Einde inhoudsopgave
Aanwijzing voor de opsporing (2013A020)
4 Kader voor de aanpak van heterdaad- en ‘kant-en-klaar’ zaken
Geldend
Geldend vanaf 01-01-2014
- Bronpublicatie:
24-12-2013, Stcrt. 2013, 35757 (uitgifte: 24-12-2013, regelingnummer: 2013A020)
- Inwerkingtreding
01-01-2014
- Bronpublicatie inwerkingtreding:
24-12-2013, Stcrt. 2013, 35757 (uitgifte: 24-12-2013, regelingnummer: 2013A020)
- Vakgebied(en)
Strafprocesrecht / Voorfase
Deze aanwijzing kent een bijzonder regime voor alle heterdaadzaken en daarmee vergelijkbare zaken waarbij de identiteit van de verdachte bij de aangever bekend is dan wel zeer gemakkelijk te achterhalen is, de ‘kant-en-klaar’ zaken. In het licht van de wederkerigheid geldt dat deze beide categorieën zaken in beginsel altijd worden opgepakt.
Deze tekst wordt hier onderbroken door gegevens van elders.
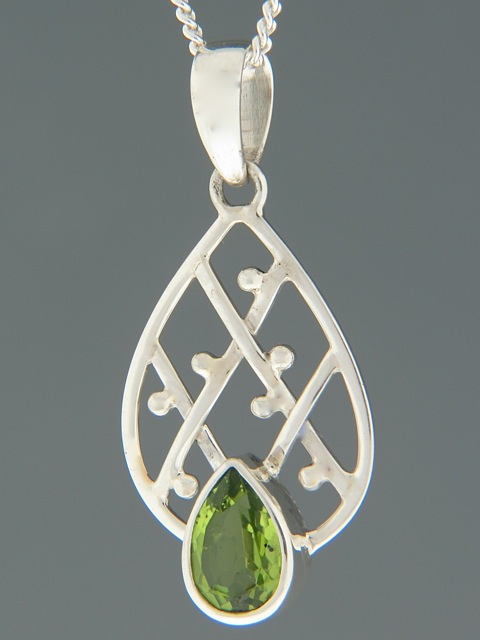 This Sterling Silver pendant features a teardrop faceted Peridot stone.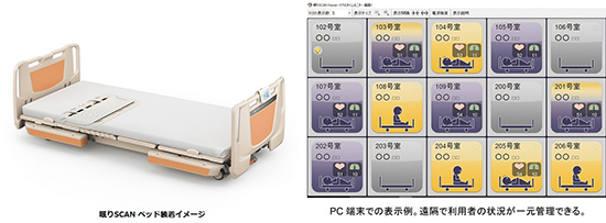『眠りSCAN』は、医療・高齢者施設などで、入居者の見守りや生活状態の把握などの目的で利用されている睡眠計測センサー。シート状のセンサーをマットレスの下に敷きこむだけで、身体に何も装着することなく、寝返りや呼吸、脈拍などの体動を検出し、利用者の呼吸数や脈拍数、睡眠状態、覚醒、起き上がり、離床動作などを遠隔でもリアルタイムで把握することができるというもの。医療・高齢者施設などでは、介護者の負担軽減のために活用されているという。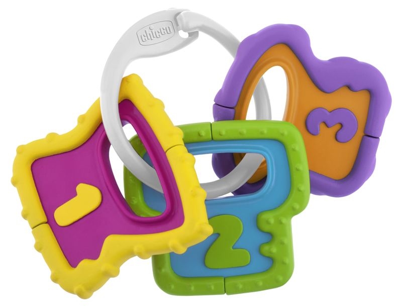 Leicht und einfach zu greifen, ideal für die ersten Monate. Der Schlüsselring besteht aus 3 Schlüsselanhängern, mit Hilfs- und Kontrastfarben, um die Aufmerksamkeit des Kindes zu erregen. Ab 3 Monaten.
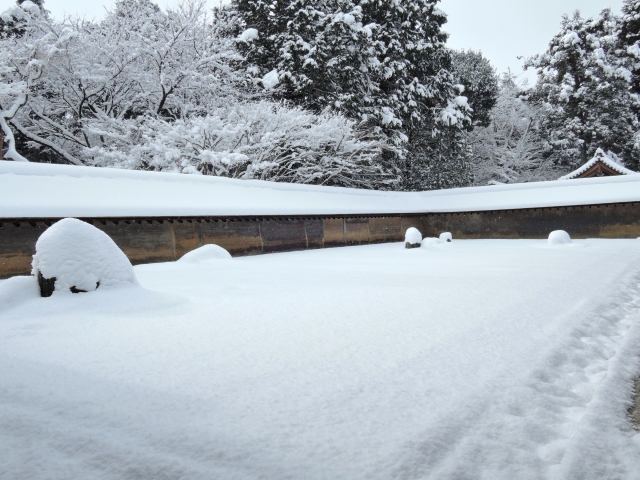 雪に覆われた石庭は、まるで心の奥にある“無”の景色のようです。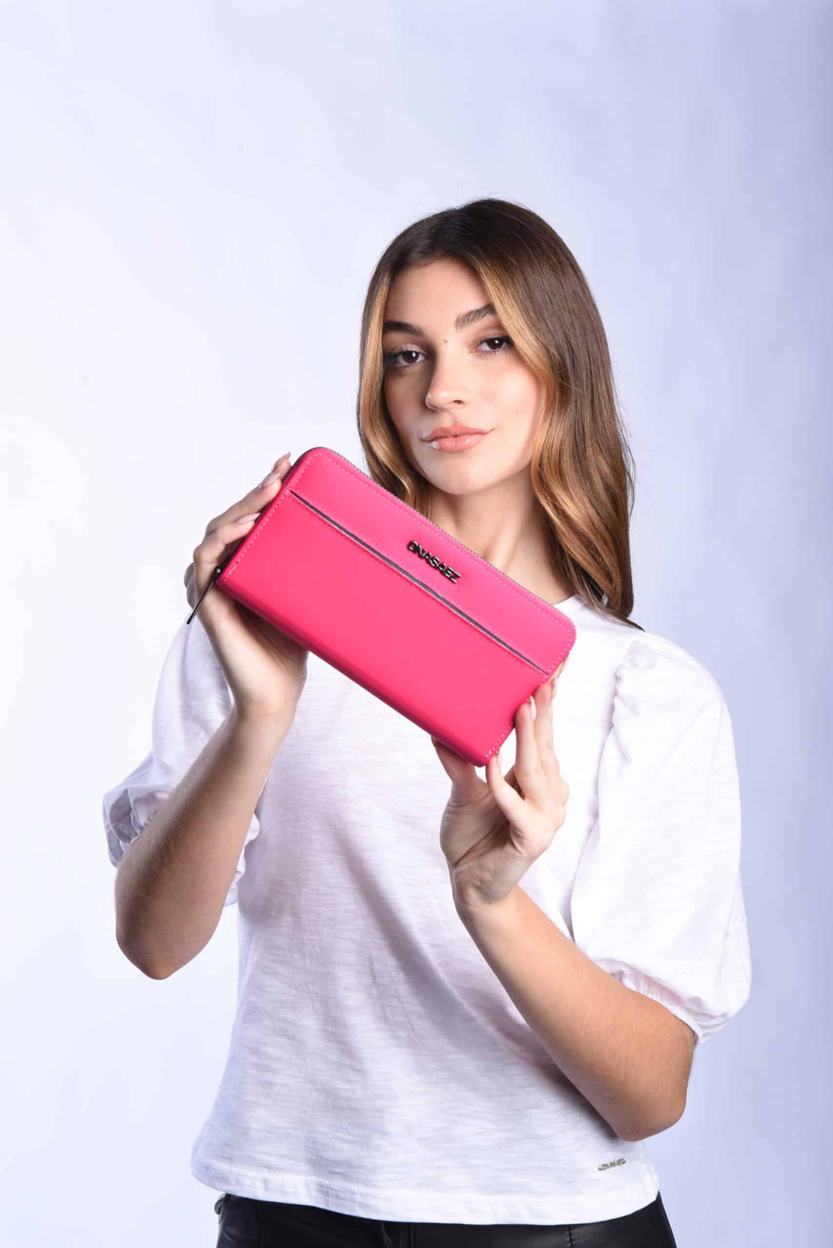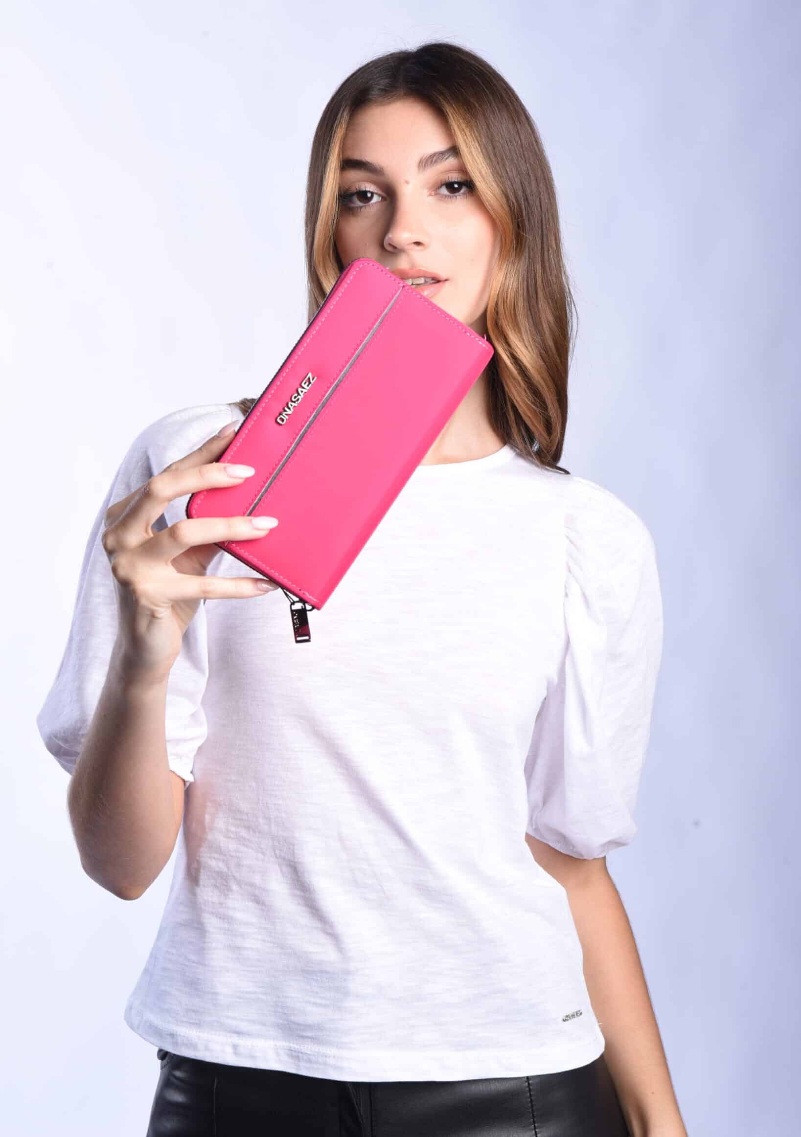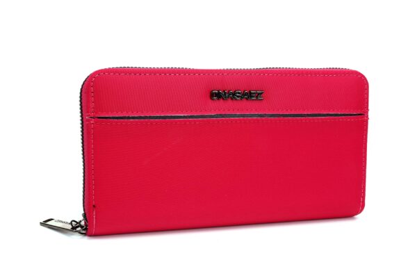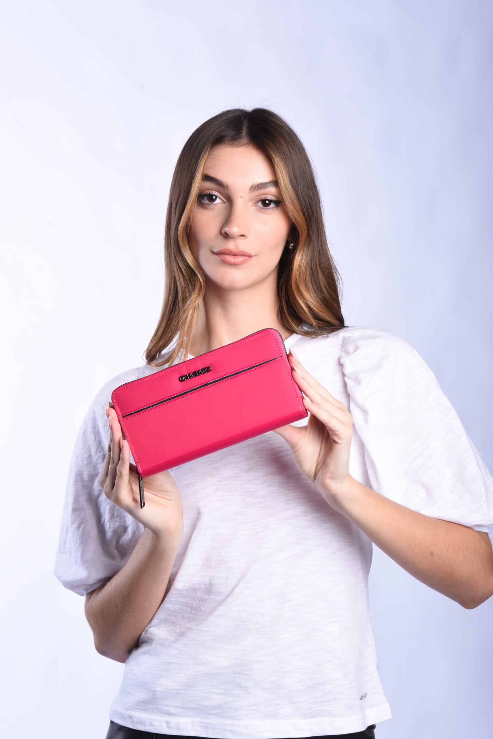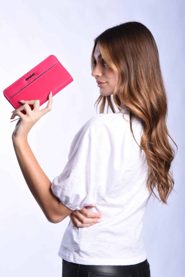 Billetera combinada en pu color fucsia, con chapa de logo de marca en el frente.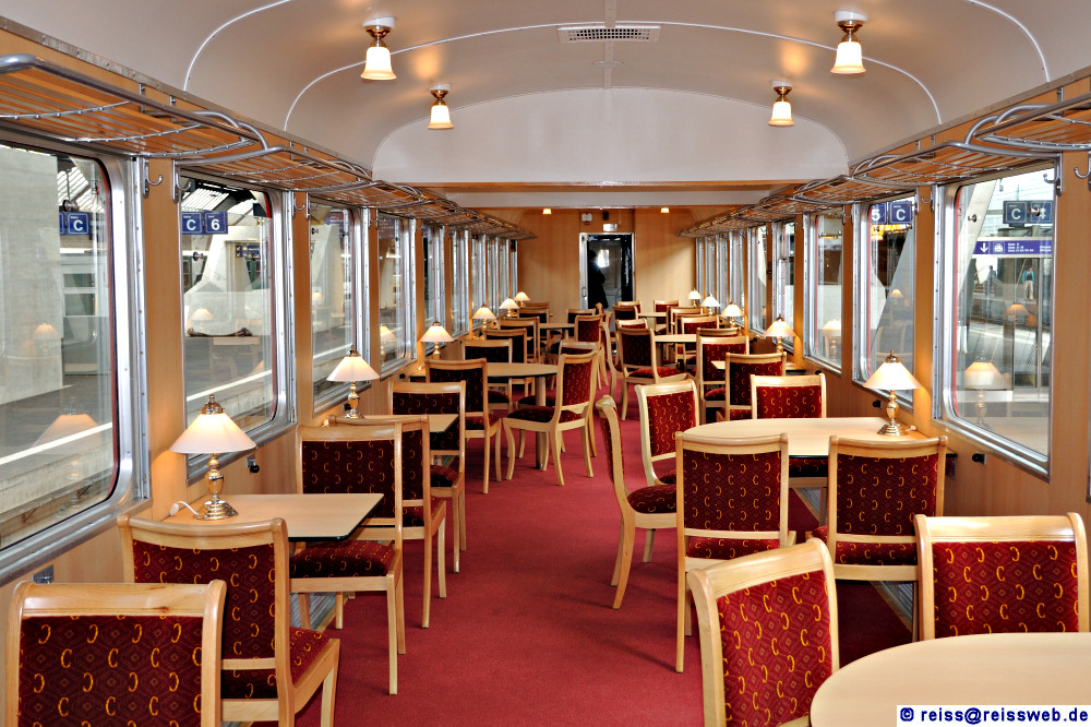 Speisewagen des Swiss Classic Train mit 44 Plätzen (Zürich, 11.06.2009).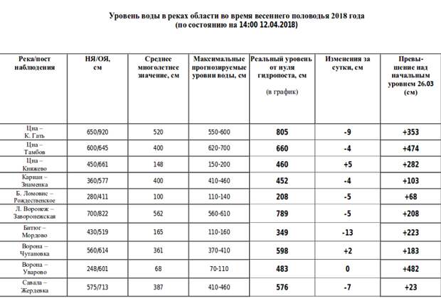 Уровень реки каряка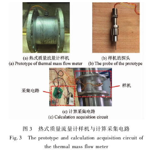 热式气体质量流量计样机如图3(a)所示,内部有测速探头和测温探头,详细的结构如图3(b)所示。该样机信号线外接相应的采集电路,如图3(c)所示,图的左侧为计算采集电路[1849。样机与计算采集电路结构经过多次空气的实流测试,其与标准表的测量误差满足国家JJG1132-2017《热式气体质量流量计检定规程》中的2级的准确度等级,其量程范围为10~3000kg/h,量程比达300:1,根据检定规程10~300kg/h范围内误差为±2%,300~3000kg/h范围内误差为±4%。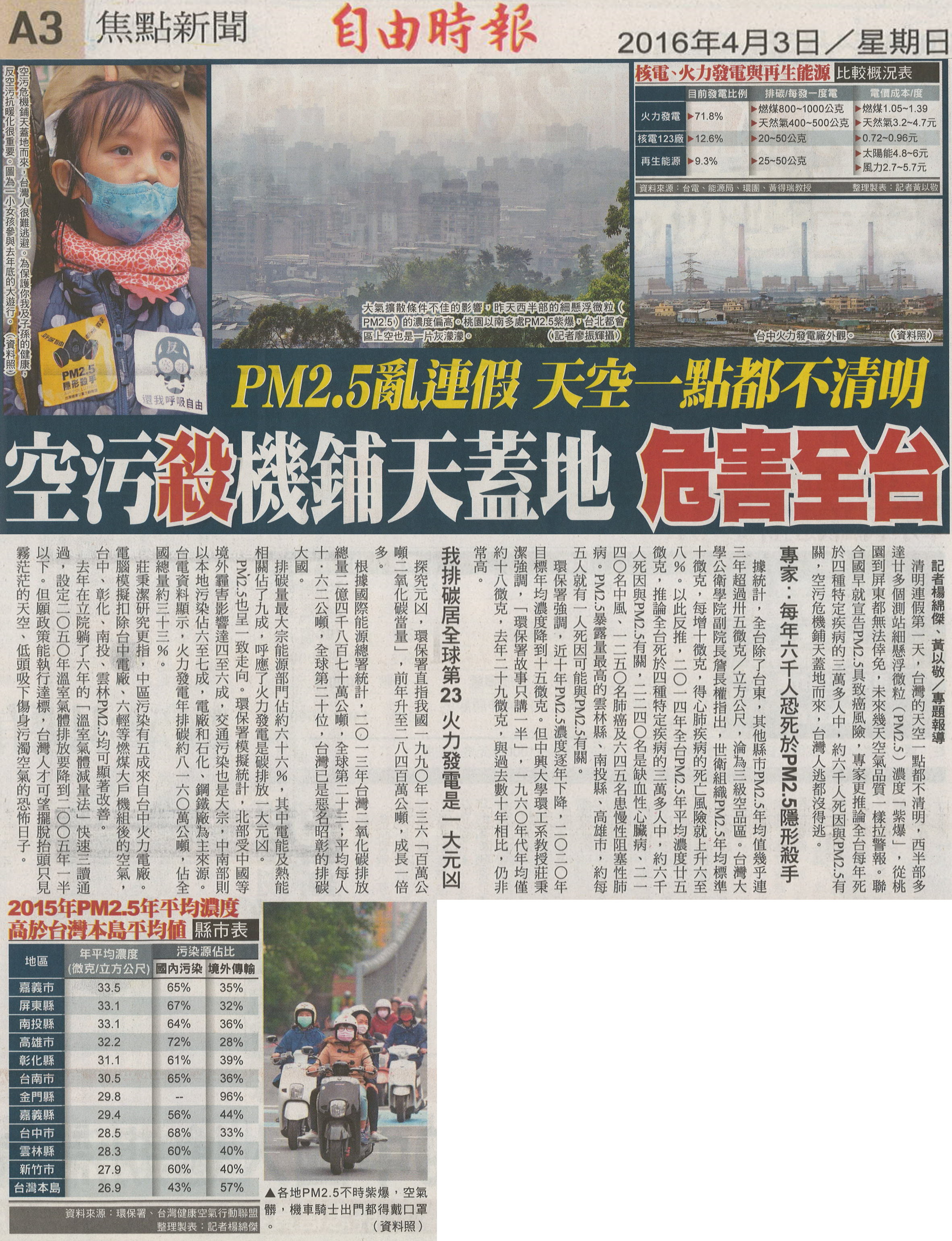 清明連假第一天,台灣的天空一點都不清明,西半部多達廿多個測站細懸浮微粒(PM2.5)濃度「紫爆」,從桃園到屏東都無法倖免,未來幾天空氣品質一樣拉警報。聯合國早就宣告PM2.5具致癌風險,專家更推論全台每年死於四種特定疾病的三萬多人中,約六千人死因與PM2.5有關,空污危機鋪天蓋地而來,台灣人逃都沒得逃。

Daarmee wordt recht gedaan aan een basaal rechtvaardigheidsgevoel en wordt ook het nemen van eigen verantwoordelijkheid door burgers en bedrijven gehonoreerd. Een uitzondering op deze regel kan — in overleg met het OM — aan de orde zijn bij zwaarwegende redenen:
- —
van algemeen belang als door een excessief aanbod van zaken een disproportioneel beroep op de beschikbare capaciteit wordt gedaan of in concrete situaties een strafrechtelijk optreden niet wordt verlangd.
- —
in een concrete zaak, indien een niet-strafrechtelijke interventie naar verwachting effectiever is.